▶ Activity
The line containing "Перед нами классический" and every line after it to the end of the records: set those down exactly, without any pictures.

+ + + + + + +

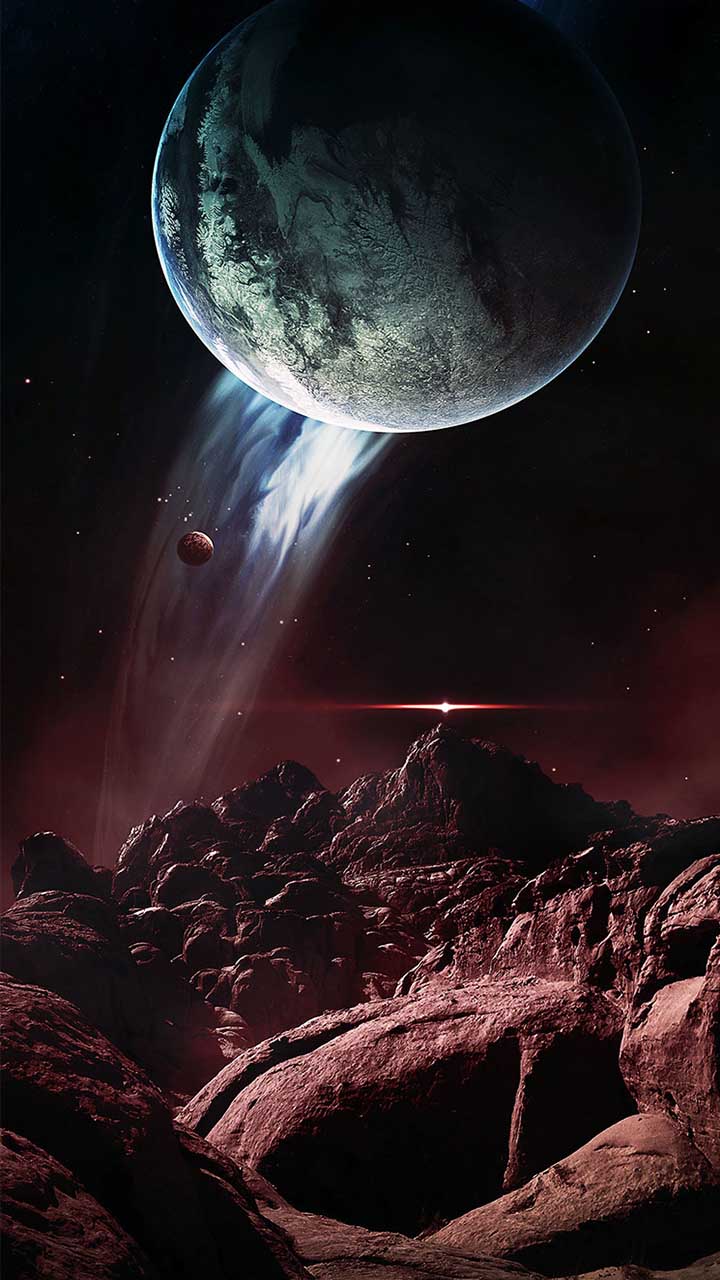 Description: A planet with a distant object in the background and a distant object in the foreground.
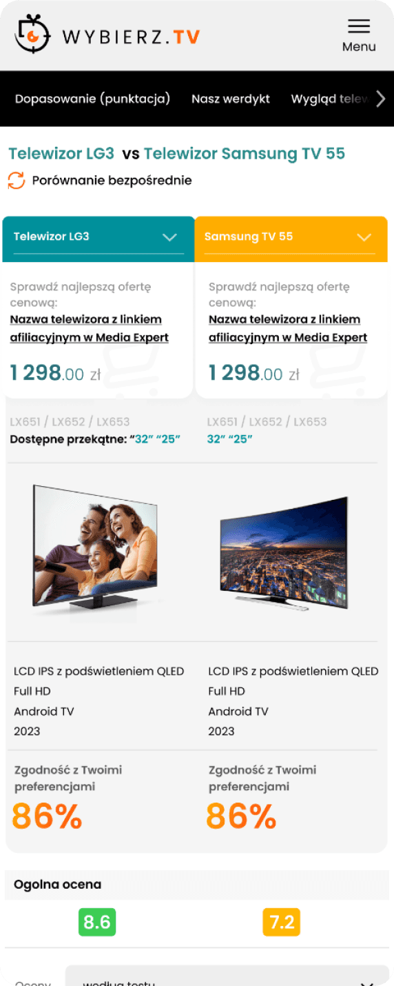 I prepared the entire userflow, including a prototype, so the client could better understand what had been done. Importantly, I highlighted the percentage of TV fit to needs and the store offerings (affiliate links).
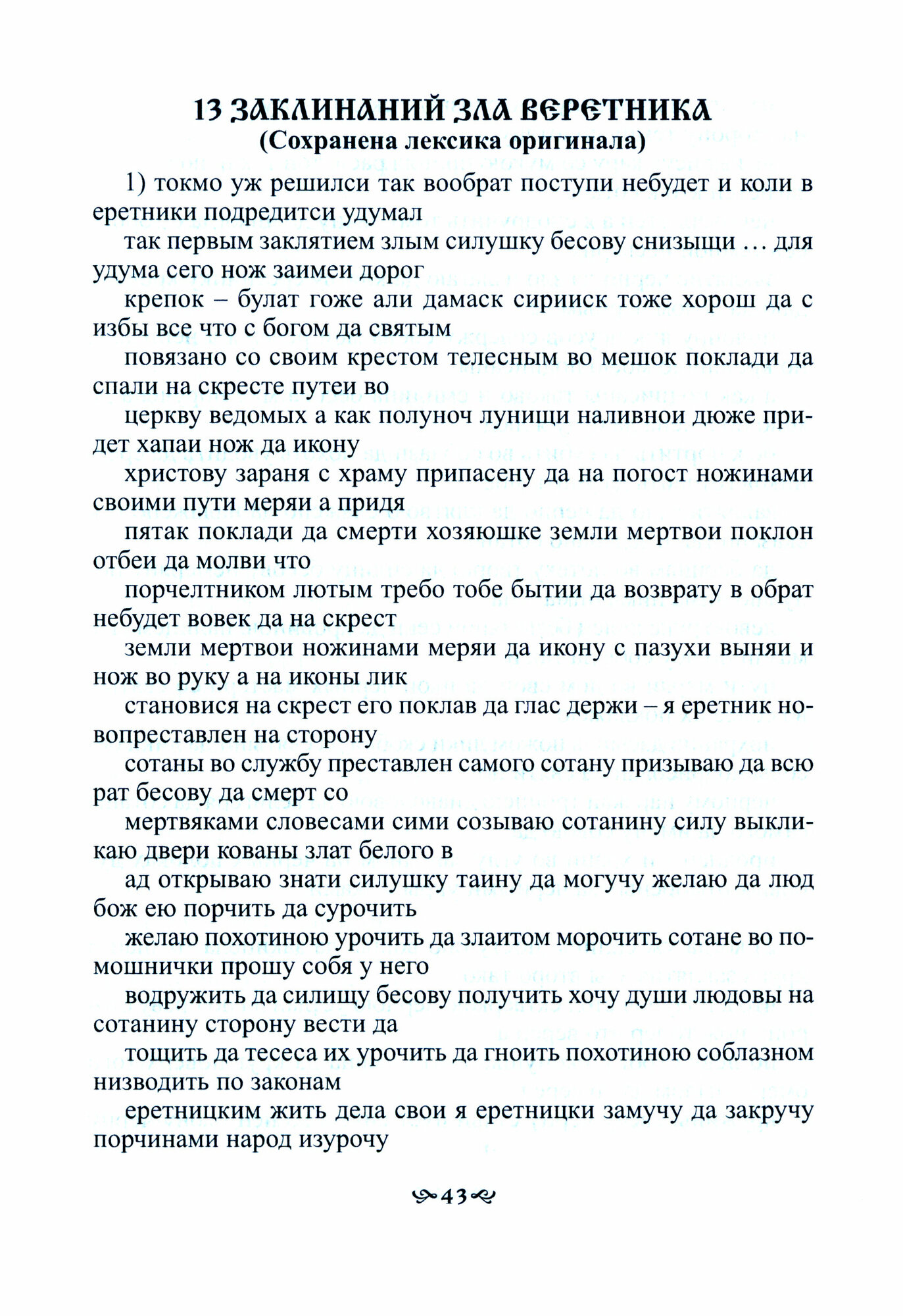Перед нами классический образчик Русского Чернокнижия. Автор описывает веретейнические обряды, и методы довольно сильного, соборного колдовства. Тут вы встретите и методы раскрещивания, и посвящения, и множество видов порч, привороты, отсухи, способы отнятия сил, или здоровья.
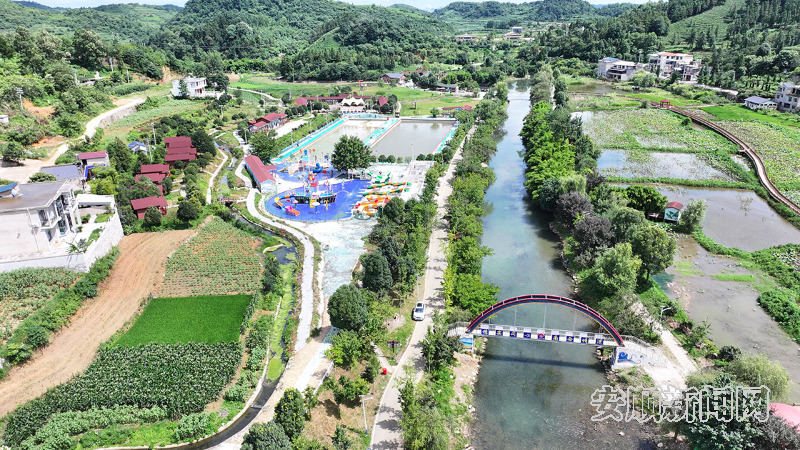 下九组精心打造的彩虹桥、水上乐园及游泳池等网红打卡点。
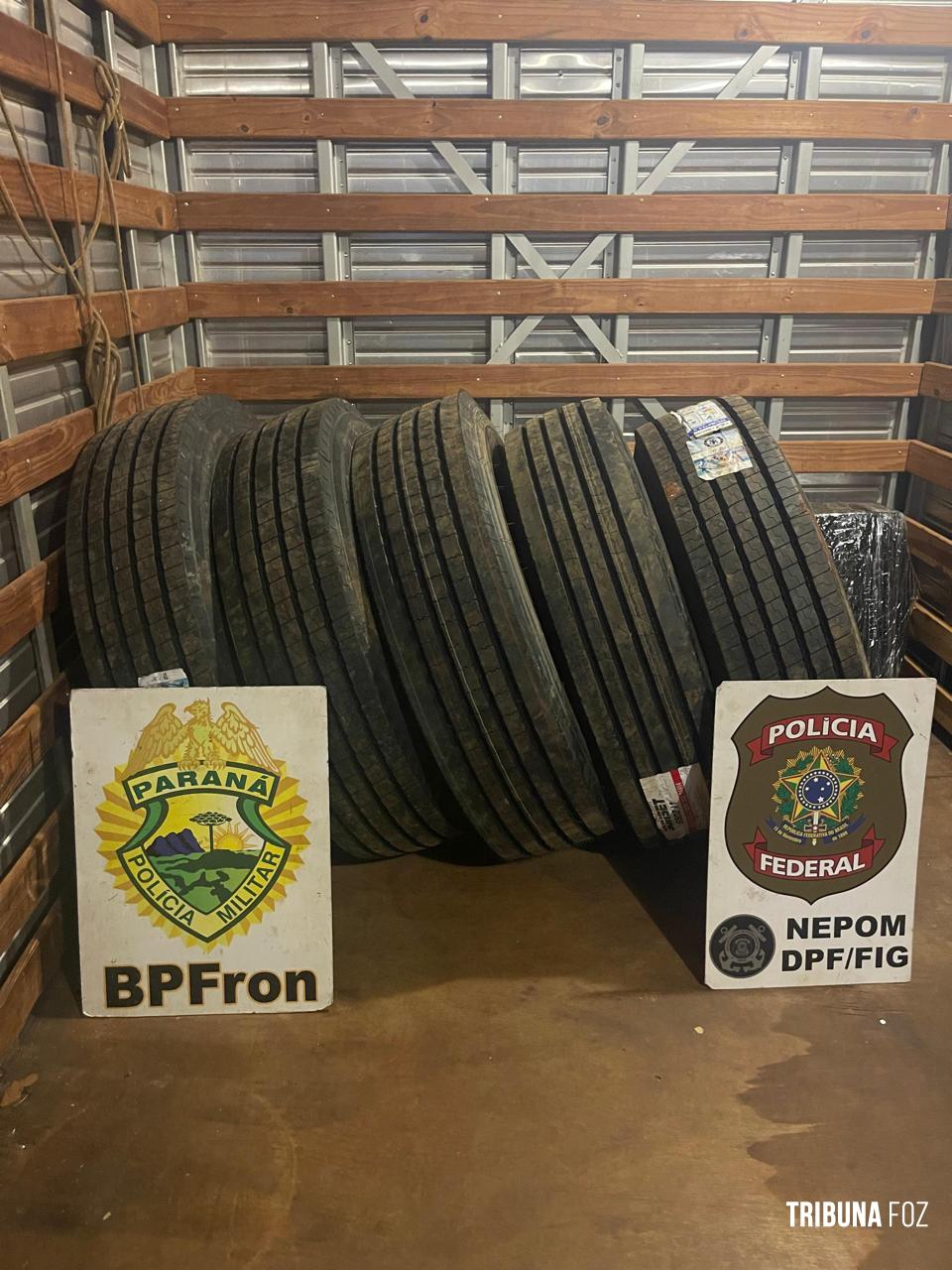 PF e PM prendem dois paraguaios e descobrem depósito de pneus contrabandeados em Foz do Iguaçu

+ + + + + + +

▶ Task solution
Перед нами классический образчик Русского Чернокнижия. Автор описывает веретейнические обряды, и методы довольно сильного, соборного колдовства. Тут вы встретите и методы раскрещивания, и посвящения, и множество видов порч, привороты, отсухи, способы отнятия сил, или здоровья.
 下九组精心打造的彩虹桥、水上乐园及游泳池等网红打卡点。
 PF e PM prendem dois paraguaios e descobrem depósito de pneus contrabandeados em Foz do Iguaçu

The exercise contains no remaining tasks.